Wikipedia says very prominent thing on this:
In computer programming, variable shadowing occurs when a variable declared within a certain scope (decision block, method, or inner class) has the same name as a variable declared in an outer scope. At the level of identifiers (names, rather than variables), this is known as name masking. This outer variable is said to be shadowed by the inner variable, while the inner identifier is said to mask the outer identifier.
Now here inside the block it finds the static variable and works on it but the while condition decrements the i
which is the one declared outside the block. The scope being different - it is no problem to use the correct value of i
. This is legal C code but not necessarily a good way of writing things.

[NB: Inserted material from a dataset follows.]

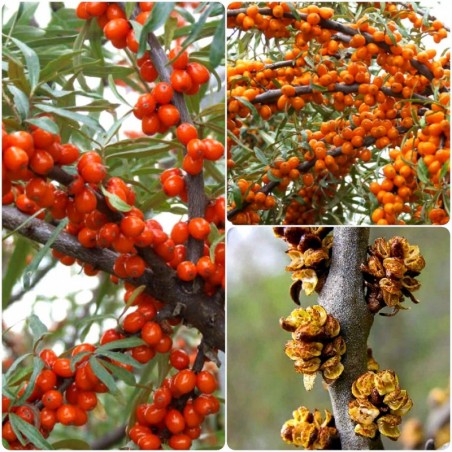 Opis ogólny: Pakiet składa się z żeńskiego rokitnika Aromatnaja i Podarok Sadu oraz niezbędnego do ich owocowania Rokitnika Hikul.

In fact doing this gcc -Wshadow progname.c
gives
progname.c: In function 'main':
progname.c:7:20: warning: declaration of 'i' shadows a previous local [-Wshadow]
static int i=2;
^
progname.c:5:9: warning: shadowed declaration is here [-Wshadow]
int i=2;
^
From standard §6.2.1p4
... If an identifier designates two different entities in the same name space, the scopes might overlap. If so, the scope of one entity (the inner scope) will end strictly before the scope of the other entity (the outer scope). Within the inner scope, the identifier designates the entity declared in the inner scope; the entity declared in the outer scope is hidden (and not visible) within the inner scope.